The problem is that this script lives out of the varnish source tree, so if the output changes and adds a preamble in the future, we need to wait for the first file marker. If the file marker format changes, all bets are off...

We also know for a fact that any use of the varnishadm output is meant for extracting information, so unless the varnishadm command failed (and the output is forwarded to stderr) we know that downstream usage of the output is under control.

If you had a ton of loaded VCLs, which we have seen on occasion (and the reason why varnishreload -m exists), you could also run into a broken pipe when you are looking for the active VCL or a given label. Technically those functions would also benefit from exiting once they found what they were looking for, and a broken pipe would also not matter in this context (I will probably do that too).

Also, I'm a big fan of sed and bash and when portability is not a problem I will happily use GNU extensions. See my git sed command for example.

But between the sed script:

# Store the lines starting with // VCL.SHOW in hold space
/^\/\/ VCL.SHOW/ {
    G
    h
}
# Replace the contents of pattern space of the last line
# with contents of the hold space and print the filename
# from the last (which was first read) occurence
${
    g
    s/.* [0-9]* [0-9]* \(.*\)\n/\1/p
}

And the awk stunt:

awk '$1 == "//" && $2 == "VCL.SHOW" {print; exit}' | {
    # all this ceremony to handle blanks in FILE
    read -r DELIM VCL_SHOW INDEX SIZE FILE &&
    echo "$FILE"
}

I find the latter easier to follow and a bit more self-describing.

ghostinushanka commented 4 years ago

While I do not necessarily agree with the 'self-describing' part as the reader either has the knowledge of what commands do, or has to check the manual, I do agree that the sed syntax is elusive for most people. Taking hold of POSIX awk spec I've prepared a simple awk script that does the same as the sed one (produces the filename).
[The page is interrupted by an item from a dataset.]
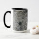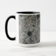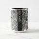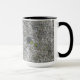 Det delikat fotoet av grå granitstenstruktur med dekorativ moss specificerar. Fotoet täcker ha som huvudämnedelen av denna mugg. Motsats av handtaget, finns det ett semitransparent lodrätnamnbaner. Banret är svart, och text är den ljusa - gråna för att tända - bruntet.

And tested it against mawk (1.3.3, 1.3.4), bsd-awk (20070501) and gawk (5.0.1). IMO, compared to sed anyone with basic programming knowledge will have at least a rough idea what it does and how.

BEGIN {
    out=""
}
/^\/\/ VCL.SHOW/ {
    out = $0 out
}
END {
    sub(/.*\/\/ VCL.SHOW [0-9]* [0-9]* /, "", out)
    print out
}

And as I've mentioned to @gquintard I did measurements of this awk script (mawk 1.3.3; E3-1275 cpu) for 20M, 200M and 2G filesizes:

# time awk -f vcl-processor.awk examples/mega.vcl
fake file name 1.vcl

real    0m0.012s
user    0m0.008s
sys 0m0.004s
# time awk -f vcl-processor.awk examples/mega2.vcl
fake file name 1.vcl

real    0m0.094s
user    0m0.037s
sys 0m0.057s
# time awk -f vcl-processor.awk examples/giga.vcl
fake file name 1.vcl

real    0m1.296s
user    0m0.648s
sys 0m0.648s

The slowdown of ~100msec is visible for VCL size of 200Megabytes, 2Gig is just for reference. Is there anyone with the VLC larger than 100megabytes to actually care about processing of whole files?